The level of in-depth answers is also a question to practitioners. When data documentation is not mandated, and there is not sufficient time for it, the quality is low. Participants would not go out of their way to find answers to questions on the datasheets. Furthermore, there is a lack of collaboration, and communication between different users of datasets at different points in time such as ML practitioners need to find out questions about how data was created which are often in the purview of software engineers. Participants highlighted that contexts matter. Internal distribution and external distribution would influence how they choose to document the dataset.

Design Criteria for Data Documentation Frameworks

The authors proposed seven criteria for actionable data documentation frameworks:

Make explicit the connection between data documentation and Responsible AI.
Make data documentation frameworks practical
Adapt data documentation frameworks to different contexts
Don’t automate away responsibility
Clarify the target audience for data documentation
Standardize and centralize data documentation
Integrate data documentation to existing frameworks and workflows

Between the Lines

The core issue with data documentation is to generate high quality documentation. There can be many problems in the process such as data creators not understanding why there’s a need for such high quality data documentation, or that the tools that they are using are not up to the task, or that documents can be missing in action. The last problem is very common in small businesses and startups, or businesses that just started to experiment with AI/ML.
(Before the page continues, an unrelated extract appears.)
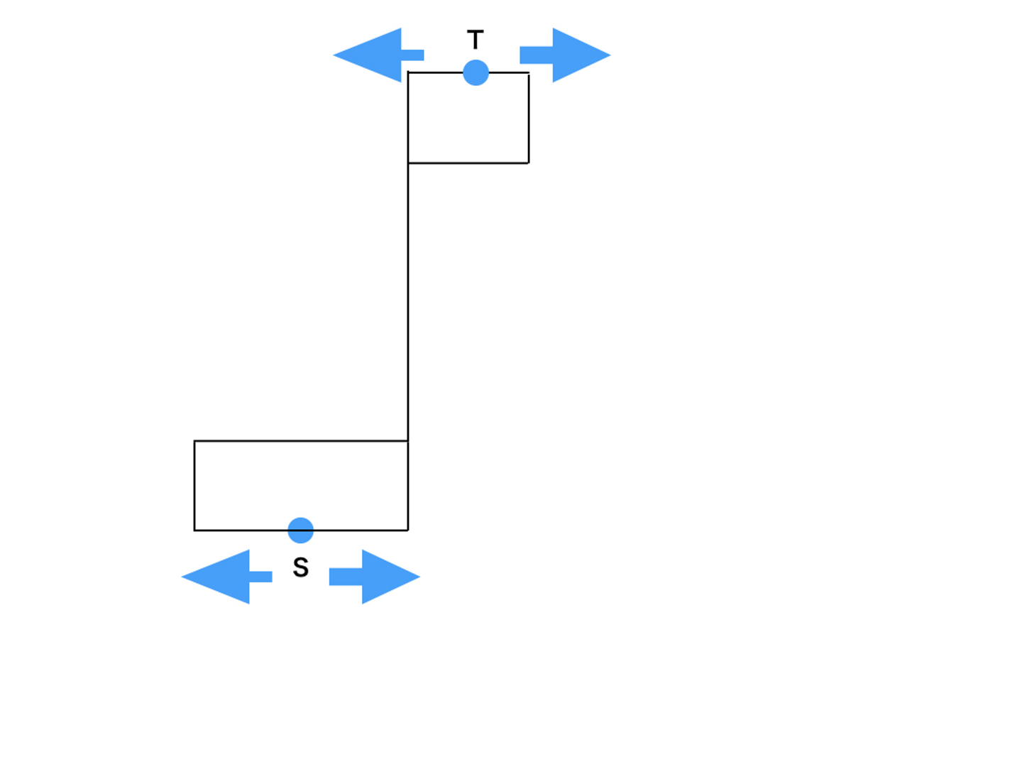Loogiaに入力された訪問先間の所要時間や経路を探索するエンジンの開発をしています。ルートの最適化を行うためには、全ての訪問先の出発・到着の向きを考慮した2点間経路コストを計算しなければいけません。例えば、A, B, Cという3つ訪問先が入力されると,A→B、B→C、B→A、C→B、A→C、C→Aの6つの最短経路を計算します。次に、各訪問先の出発・到着の向きを考えます。下の図を例にとると、訪問先SとTそれぞれの出発・到着可能な方向は4パターンあります。道路特性(三叉路・十字路)によって計算するパターンの数が変わります。

Two solutions could be implemented: (1) having a designated data documenter who understands the imperative of creating such a document; (2) training ML practitioners to incorporate professional data documentation into their day-to-day work. The data documenter might be trained more in information science, library science than ML. ML practitioners can also learn practices in archiving, documenting to better keep records for future use.

For ML practitioners like me, fairness principles are still additional extra labor that might not necessarily be rewarded. Or I don’t get to create the dataset myself. Most of the time, the data was created long before I was even aware that such data exists. Unearthing its original purpose, its changes over time, and also how it is useful for my work entails sociological imagination whereby I need to connect the relationships, and hidden changes. High-quality documentation would certainly help my work, and organizations ought to devote resources to such a practice.

Yet, the frameworks that the authors suggested are still at the organizational levels. That means each organization can institute their own framework that might or might not be compatible with others. Industry-wide solutions that are standardized and adopted by all practitioners would be welcome.

References

Bender, E. M., & Friedman, B. (2018). Data statements for natural language processing: Toward mitigating system bias and enabling better science. Transactions of the Association for Computational Linguistics, 6, 587-604.

Chmielinski, K. S., Newman, S., Taylor, M., Joseph, J., Thomas, K., Yurkofsky, J., & Qiu, Y. C. (2022). The dataset nutrition label (2nd Gen): Leveraging context to mitigate harms in artificial intelligence. arXiv preprint arXiv:2201.03954.

Gebru, T., Morgenstern, J., Vecchione, B., Vaughan, J. W., Wallach, H., Iii, H. D., & Crawford, K. (2021). Datasheets for datasets. Communications of the ACM, 64(12), 86-92.